KTp/Developers
Introduction
Real-time communication has traditionally been a detached feature of desktop computing, provided via standalone instant messaging clients with poor integration into the desktop experience. One of the primary goals of the KDE 4 series is to tighten integration between different components of the environment. The KDE Telepathy (hereafter "KTp") project aims to tackle just this.
Our aims are:
- To integrate real-time communication deeply into the KDE workspaces and applications
- To provide an infrastructure to aid development of collaborative features for KDE applications.
If you find these goals appealing, why not consider getting involved? C++ programming is not a requirement.
Technical information
- The RTCC project uses the cross-desktop Telepathy Framework as the basis for our work.
- We should try and reuse code from Kopete and other existing code wherever possible. However, this should be balanced with the need to refactor/rewrite where appropriate, to keep the new code true to Telepathy idioms.
Frequently asked questions
- See also: Gkiagia’s Blog: What is Telepathy-KDE?
You can find a list of answers to frequently asked questions here: FAQ.
The plan
- Build components equivalent to a traditional IM application, using Kopete code as much as possible, and integrating with other pillars of KDE, where appropriate.
- Add advanced Telepathy features such as voice/video.
- Build components and convenience classes to enable real-time communication and collaboration features in any KDE SC app that wants them.
Current ongoing large tasks
- Active KTp tasks
- KTp icons
- KDE Connect
- KPeople
- Metacontacts
- Model roles
- New Call UI
- Proper library
- Text UI QML
- KTp Video Call UI
Workflow
- Main page: Getting involved § Workflow
Use of milestones
We're trialing a clever use of milestones suggested by Jeroen van Meeuwen.
How it works
All bugs by default have the milestone future
to indicate that "we'll do it at some point." If we have no intention of doing it, it should not be in Bugzilla.
For each (upcoming) release there is a version-next, such as 0.4-next
. This contains everything we want fixed in the 0.4.x series.
As we approach each release, we create a milestone for its version number (following the example above, the milestone would be 0.4.0
). Any bug we really want fixed before we can finalize that release then has its milestone changed from 0.4-next
to 0.4.0
. Any bug that we are happy to release 0.4.0 with, but still want fixed within the lifespan of the 0.4.x series remains in 0.4-next
. This process then gets repeated for every release.
Summary
0.5.0
= really aiming to fix this in 0.5.00.5.1
= really aiming to fix this 0.5.10.5-next
= aim to fix this at some point in the 0.5 series.
What should have a milestone
Bugs that we know how to fix, have a solid plan for resolving and have the resources to execute.
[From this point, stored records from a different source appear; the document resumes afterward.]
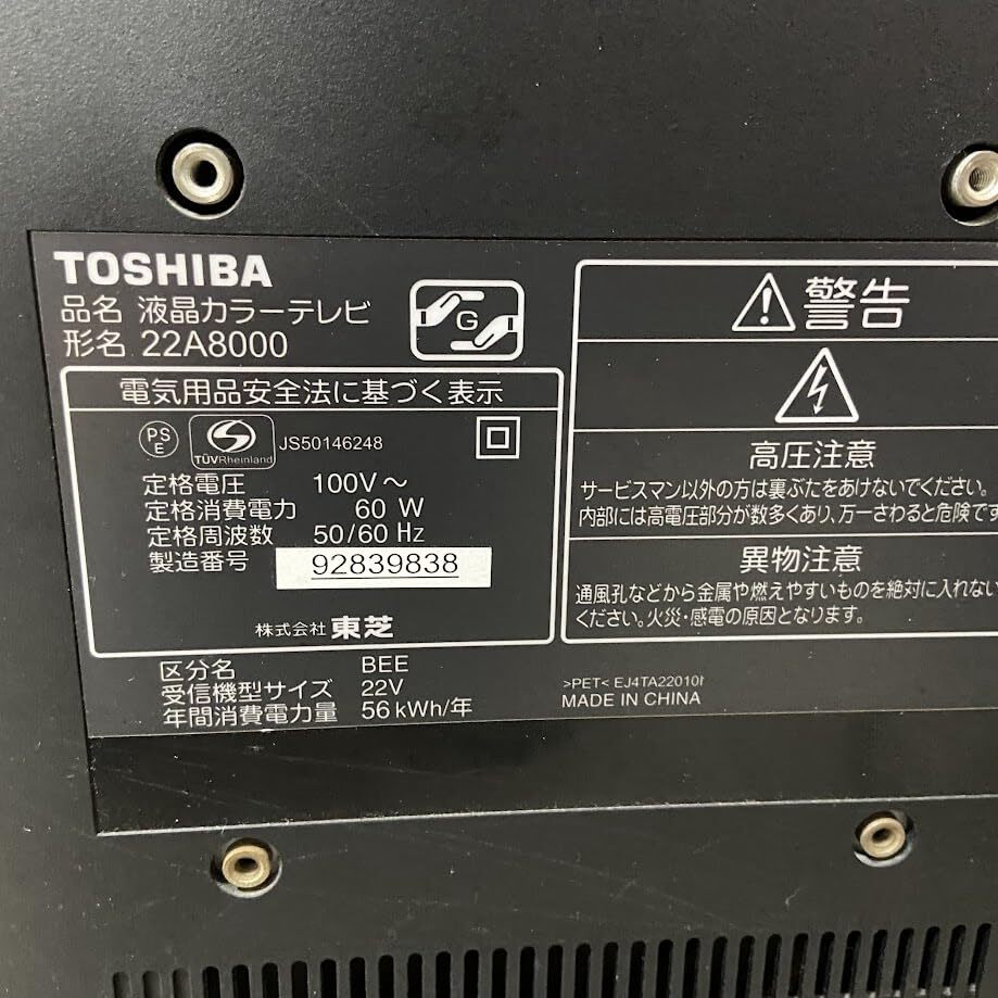 【A】TOSHIBA 22A8000(K) 液晶テレビ 東芝 22V型 ハイビジョン 0909-B002650RGE-1980-8980
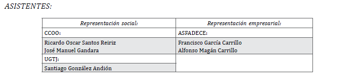 Y no habiendo más asuntos que tratar, siendo las 14:30 horas, y en prueba de conformidad, firman la presente Acta con las tablas salariales que se anexan, en el lugar y fecha arriba indicados.
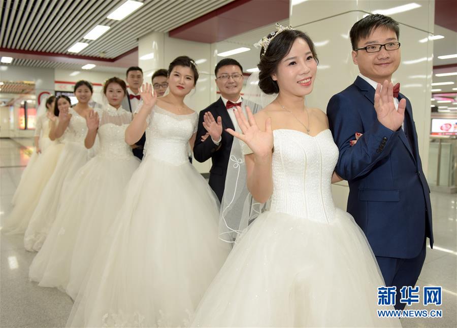 10月18日,在合肥市地鐵一號線,新人們準(zhǔn)備乘坐地鐵。當(dāng)日,中鐵四局集團(tuán)城市軌道交通工程分公司的18對新人在安徽合肥地鐵一號線的車廂里舉行了一場集體婚禮儀式。 新華社記者 郭晨 攝
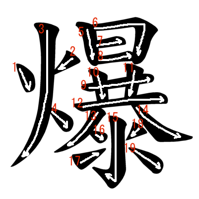 “Explosion” or “Burst” in Japanese kanji, and the Stroke Order and Meanings of Kanji “爆”
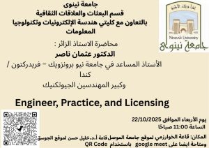 برعايه السيد رئيس جامعة نينوى الأستاذ الدكتور أسامة المشهداني المحترم، وبإشراف مباشر من قبل السيدة عميد كلية تكنولوجيا المعلومات الأستاذ الدكتورة منار يونس كشمولة المحترمة نظّمت كلية تكنولوجيا المعلومات ورشة عمل بعنوان “اختيار المجلات العلمية في المستوعبات الدولية”، وذلك ضمن خطة نشاطاتها للعام الدراسي الحالي. قدّم الورشة كلٌّ منم.د. أحمد قاسم أحمدم.د. كرم محمد مهدي...
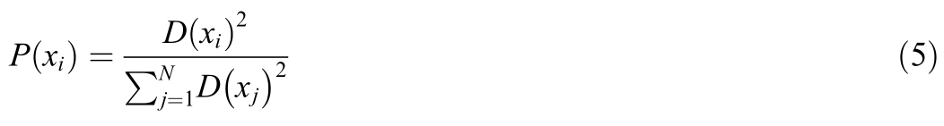 The next center of mass is then selected based on the probability of the square of the distance.That is,the sample furthest away from the current set of centers of mass is more likely to be selected as the new center of mass.The probability is calculated as follows:

Assigning everything to "0.4.0" when there's no way we can get it done will help no one.
It should remain a small list of high-priority tasks, such that developers can see what is important.
What bugs should I prioritize working on?
Anything tagged for the next release. In the case of the 0.4.0
milestone, then anything in 0.4-next
, and finally anything in future
.
Obviously, being free software, you're free to work on whatever the hell you want.